Deployment
==========

Deploy the OCR REST API service using Docker for production environments. This guide covers Docker deployment, docker-compose orchestration, image variant selection, and security best practices for running Tesseract and PaddleOCR text recognition services.

The OCR service is available as pre-built Docker images on Docker Hub, optimized for different use cases and deployment scenarios.

**Docker Hub Repository**: https://hub.docker.com/r/gunthercox/ocr-service

Image Variants
--------------

The service provides three Docker image variants optimized for different use cases:

**Combined (default)** - Both engines available
  Use when you need flexibility to switch between OCR engines per request.

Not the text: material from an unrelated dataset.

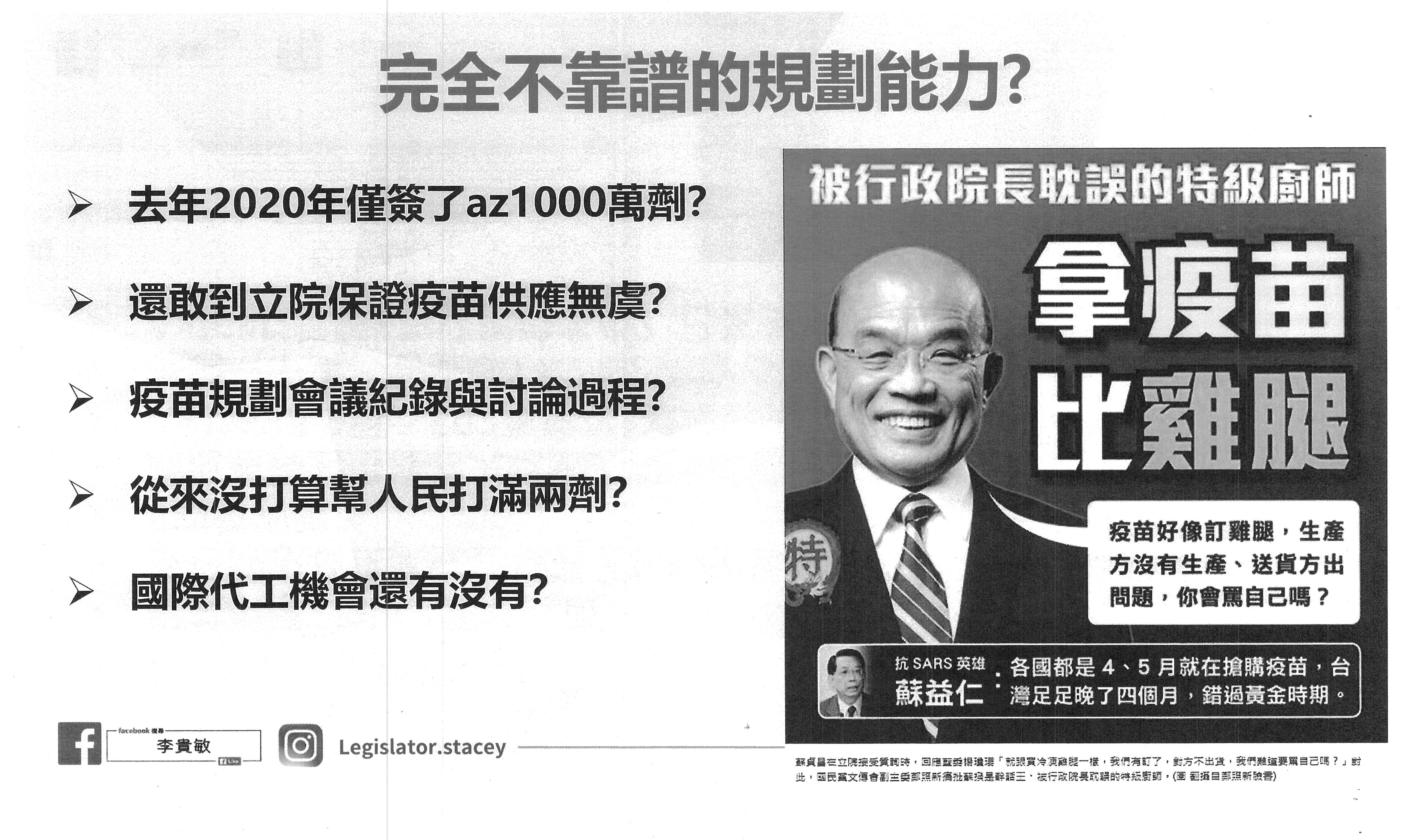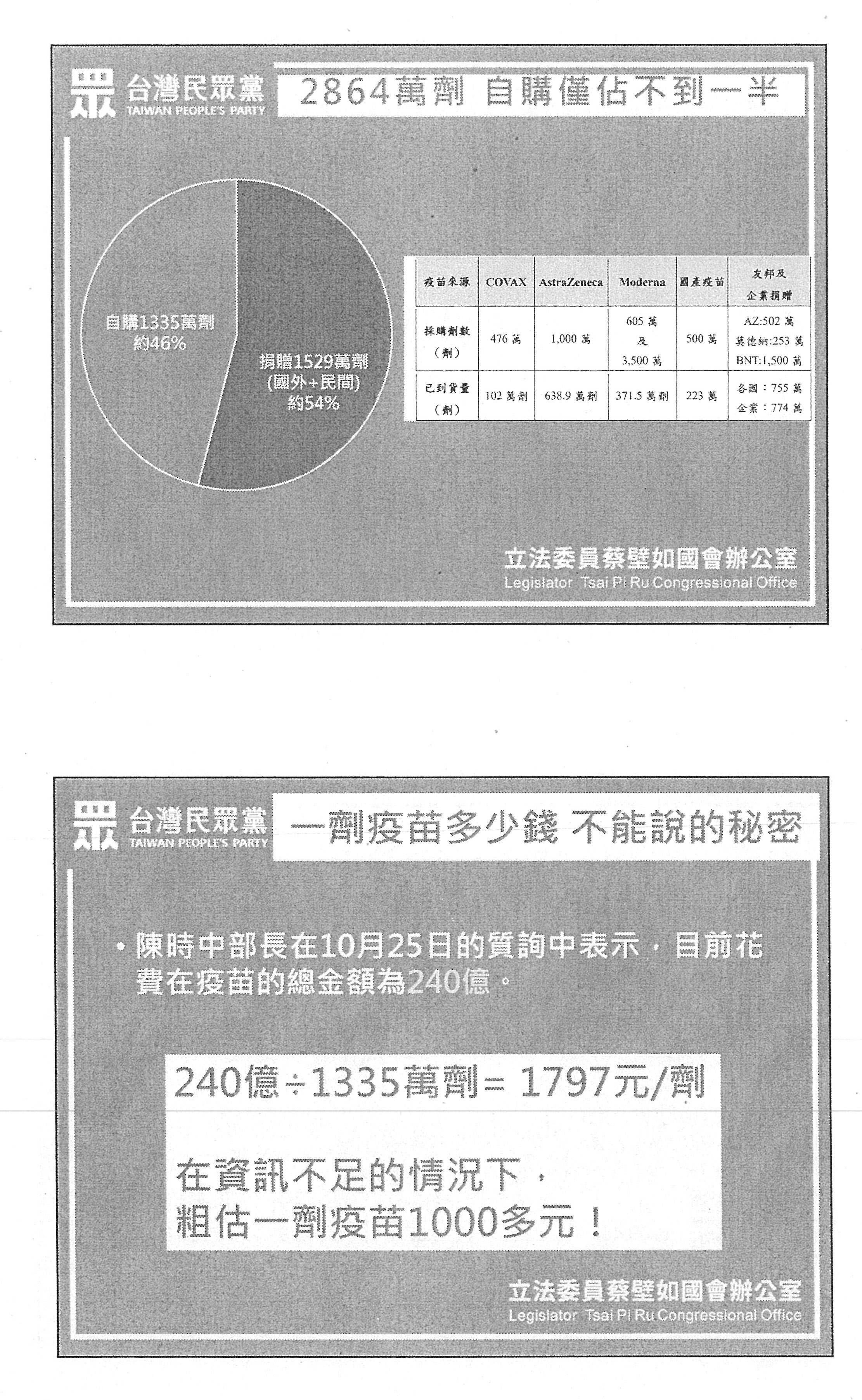 疫苗整備情形部分,為強化國人群體免疫力並發揮防治效益,指揮中心採取國際投資、逕洽廠商購買及國內自製等多元方案同時進行,以期分散風險,儘速取得安全有效的COVID-19疫苗,並考量病毒變異情形,持續向國際疫苗廠洽購次世代疫苗,以因應未來疫情所需,採購量應該是足夠的。截至本年10月29日,疫苗透過COVAX平台採購476萬劑,透過多方管道與國外疫苗廠商洽購1,000萬劑AZ疫苗、605萬劑的Moderna疫苗,並於本年7月21日再與Moderna簽署2年共3,500萬劑COVID-19疫苗的供應合約,將於111年及112年分批供應基礎型與次世代追加型疫苗,以因應變異病毒株之威脅,同時加購100萬劑疫苗於本年第4季供應,以提供更多族群接種需求,與高端公司簽訂COVID-19疫苗500萬劑採購合約。

  - Tags: ``latest``, ``1.0.0``, ``1.0``
  - Python version: 3.12
  - Includes: Tesseract + PaddleOCR
  - Size: Largest (includes 140+ Tesseract language packs)
  - Available engines: Both ``tesseract`` and ``paddleocr``

**Tesseract only** - Document OCR
  Optimized for standard document OCR workloads.

  - Tags: ``latest-tesseract``, ``1.0.0-tesseract``, ``1.0-tesseract``
  - Python version: 3.12
  - Includes: Tesseract with all language packs
  - Size: Medium
  - Available engines: Only ``tesseract``

**PaddleOCR only** - Modern OCR with latest Python
  Best for rotated/multi-directional text or size-constrained environments.

  - Tags: ``latest-paddleocr``, ``1.0.0-paddleocr``, ``1.0-paddleocr``
  - Python version: 3.13
  - Includes: PaddleOCR only
  - Size: Smallest
  - Available engines: Only ``paddleocr``

**Important**: Engine-specific images will return a 400 error if you request an unavailable engine. For example:

.. code-block:: bash

   # This will fail with Tesseract-only image
   curl -X POST -F "image=@photo.png" -F "engine=paddleocr" http://localhost:5000/

The error response will indicate which engines are available in the deployed image variant.

Deployment using docker-compose
-------------------------------

For production environments, it is recommended to use the official Docker image from Docker Hub. Below is an example `docker-compose.yml` for deploying the OCR service in production:

**Combined variant** (default, both engines):

.. code-block:: yaml
  :caption: docker-compose.yml

   services:
     ocr-service:
       image: gunthercox/ocr-service:latest
       ports:
         - "5000:5000"
       restart: unless-stopped

**Tesseract-only variant** (smaller, document OCR):

.. code-block:: yaml
  :caption: docker-compose.yml

   services:
     ocr-service:
       image: gunthercox/ocr-service:latest-tesseract
       ports:
         - "5000:5000"
       restart: unless-stopped

**PaddleOCR-only variant** (smallest, Python 3.13):

.. code-block:: yaml
  :caption: docker-compose.yml

   services:
     ocr-service:
       image: gunthercox/ocr-service:latest-paddleocr
       ports:
         - "5000:5000"
       restart: unless-stopped

You can also pin to a specific version for more predictable deployments:

.. code-block:: yaml
  :caption: docker-compose.yml

   services:
     ocr-service:
       image: gunthercox/ocr-service:1.1.2-paddleocr
       ports:
         - "5000:5000"
       restart: unless-stopped

To run the service using docker-compose, run the following command in the directory containing your `docker-compose.yml` file:

  .. code-block:: bash

     docker compose up -d

- The service will be available at `http://localhost:5000/` by default.

Security Considerations
-----------------------

- For production, consider using a reverse proxy (e.g., Nginx) in front of the service for SSL termination and additional security.
- Monitor and update the image regularly to receive security and feature updates.
- Validate and sanitize all uploaded files to prevent malicious input.
- Limit accepted file types to images only.
- Consider rate limiting and authentication for production deployments.

**Additional Notes:**

- Review the `Docker Hub page <https://hub.docker.com/r/gunthercox/ocr-service>`_ for available tags.